Protein folding is essential to understanding how proteins achieve their functional structures. The core idea, known as the central dogma of protein science, is that the amino acid sequence dictates the three-dimensional shape of a protein. While some proteins spontaneously fold into their native structures in solution, others struggle to refold once unfolded and may misfold or aggregate. Such proteins often require chaperones to guide them into their correct form. This raises key questions about how proteins begin to fold as they are synthesized on the ribosome, and how cotranslational folding (folding during synthesis) differs from post-translational folding (folding after synthesis).
Proteins start forming secondary structures while inside the peptide exit tunnel of the ribosome, a narrow passage that also shapes the physical and chemical environment for early protein folding. One major feature of cotranslational folding is its vectorial nature: folding starts at the N-terminus, even before the rest of the protein is fully synthesized. In contrast, post-translational folding occurs after the full-length protein is available, involving more complex folding pathways.
The ribosome plays a crucial role in this process by shaping the folding environment and influencing the pathway that nascent proteins follow during their synthesis. As the emerging protein moves through the ribosome’s exit tunnel, various molecular forces and constraints affect how it folds into its final structure.
Ribosome Structure and Exit Tunnel Properties
The ribosome is a complex molecular machine responsible for protein synthesis. Structurally, it consists of two subunits: a larger 50S (in prokaryotes) or 60S (in eukaryotes) subunit, and a smaller 30S or 40S subunit. These work together to facilitate the translation of messenger RNA (mRNA) into a growing polypeptide chain.
Central to the process of cotranslational folding is the peptide exit tunnel, located within the large ribosomal subunit. This tunnel is approximately 80-100 Å long and 10-20 Å wide, with its diameter varying along its length. The narrowness of the tunnel restricts the formation of large tertiary structures but allows secondary structures, such as α-helices, to form. The chemical environment inside the tunnel is primarily hydrophilic, offering limited opportunities for hydrophobic collapse, which is a key driving force in protein folding.
The exit tunnel is not a passive conduit; its structure and internal features—such as hydrophobic patches, electrostatic charges, and ribosomal proteins—can interact with the nascent chain, subtly influencing how the protein begins to fold. For example, certain residues on the ribosome’s tunnel wall can temporarily interact with emerging peptide sequences, affecting the folding trajectory of the nascent protein.
Moreover, ribosome-associated factors like molecular chaperones often bind near the tunnel exit. These factors assist in early folding events and prevent the aggregation or misfolding of nascent chains. As a result, cotranslational folding is tightly regulated and dependent on both the physical structure of the ribosome and the activity of associated folding factors.
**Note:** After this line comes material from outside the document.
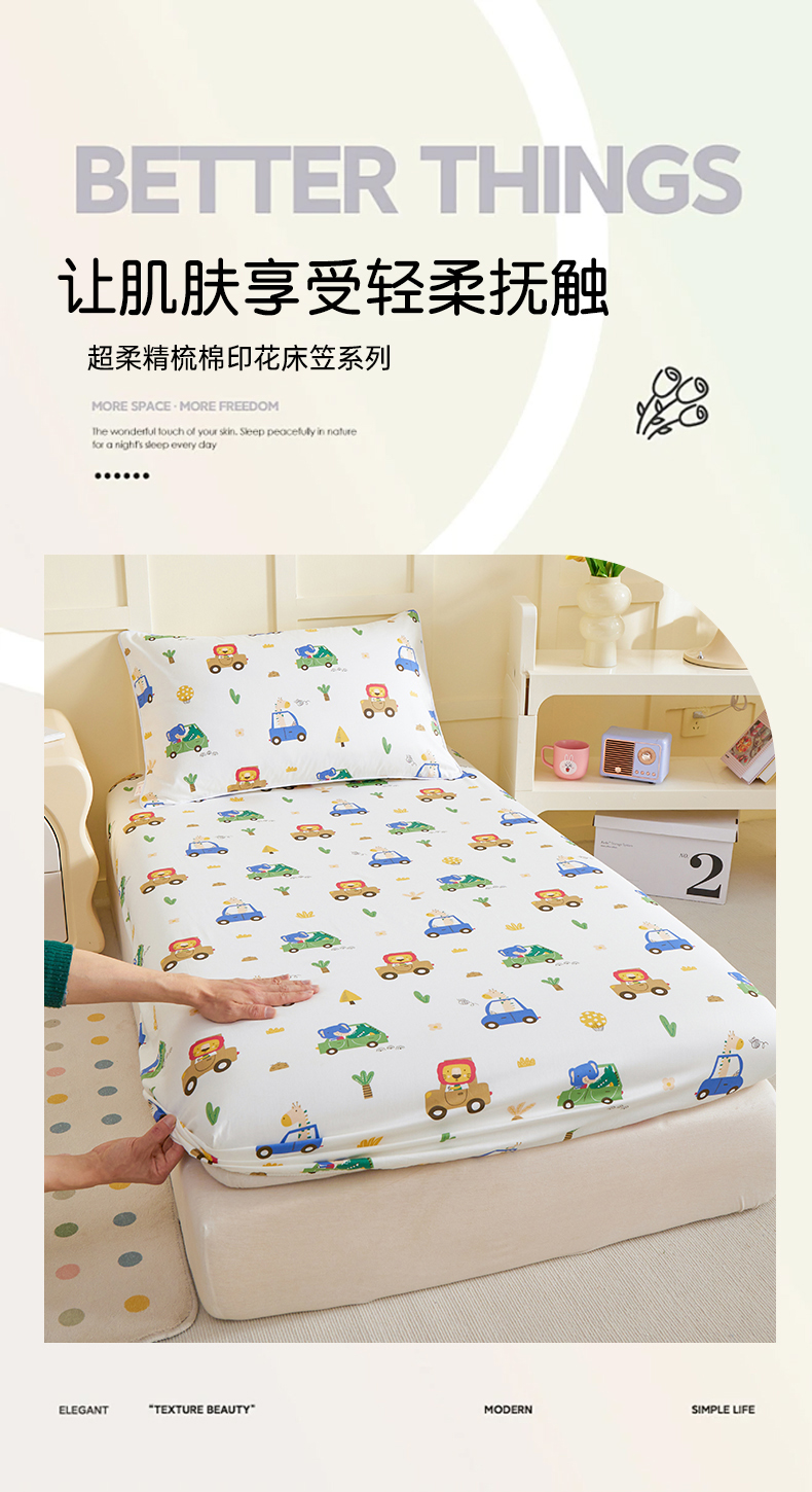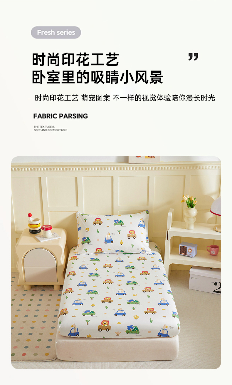 ds生活馆 2025新款儿童纯棉精梳棉系列单床笠 森林巴士

Stages of Cotranslational Folding
Cotranslational folding occurs in stages as the polypeptide chain is synthesized and emerges from the ribosomal exit tunnel. The process begins with the nucleation of secondary structures and progresses to the formation of more complex tertiary structures as more of the protein is synthesized.
1. Early Secondary Structure Formation
When a segment of the nascent chain emerges from the ribosome, it often forms elements of secondary structure like α-helices or β-sheets. The dimensions of the ribosomal exit tunnel allow for α-helix formation, but more complex arrangements are hindered until the chain has more room to expand.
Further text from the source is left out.